### Source data
BEGIN

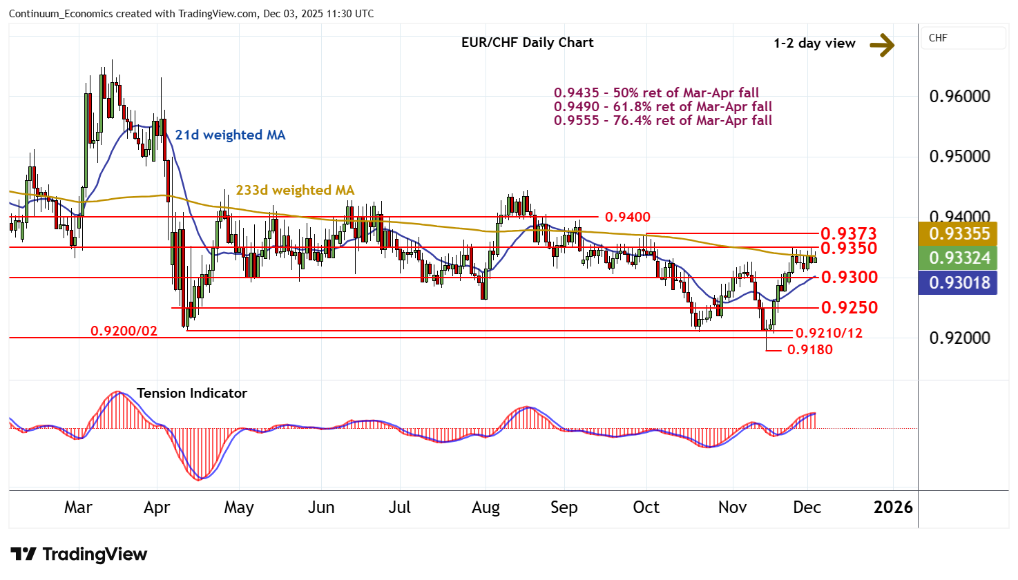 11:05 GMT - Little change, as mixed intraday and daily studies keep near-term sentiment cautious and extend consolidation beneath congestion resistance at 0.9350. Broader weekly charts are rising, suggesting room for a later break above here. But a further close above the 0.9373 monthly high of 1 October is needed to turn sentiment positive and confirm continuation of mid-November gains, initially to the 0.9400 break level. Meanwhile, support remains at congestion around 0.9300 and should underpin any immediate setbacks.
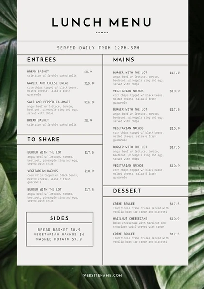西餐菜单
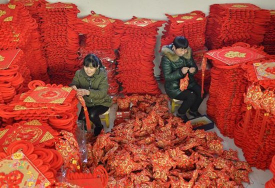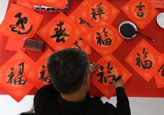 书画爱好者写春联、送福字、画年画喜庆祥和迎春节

END

### Directions for this task
Return all of the data exactly as written, and drop the pictures.

### Task answer
 11:05 GMT - Little change, as mixed intraday and daily studies keep near-term sentiment cautious and extend consolidation beneath congestion resistance at 0.9350. Broader weekly charts are rising, suggesting room for a later break above here. But a further close above the 0.9373 monthly high of 1 October is needed to turn sentiment positive and confirm continuation of mid-November gains, initially to the 0.9400 break level. Meanwhile, support remains at congestion around 0.9300 and should underpin any immediate setbacks.
西餐菜单
 书画爱好者写春联、送福字、画年画喜庆祥和迎春节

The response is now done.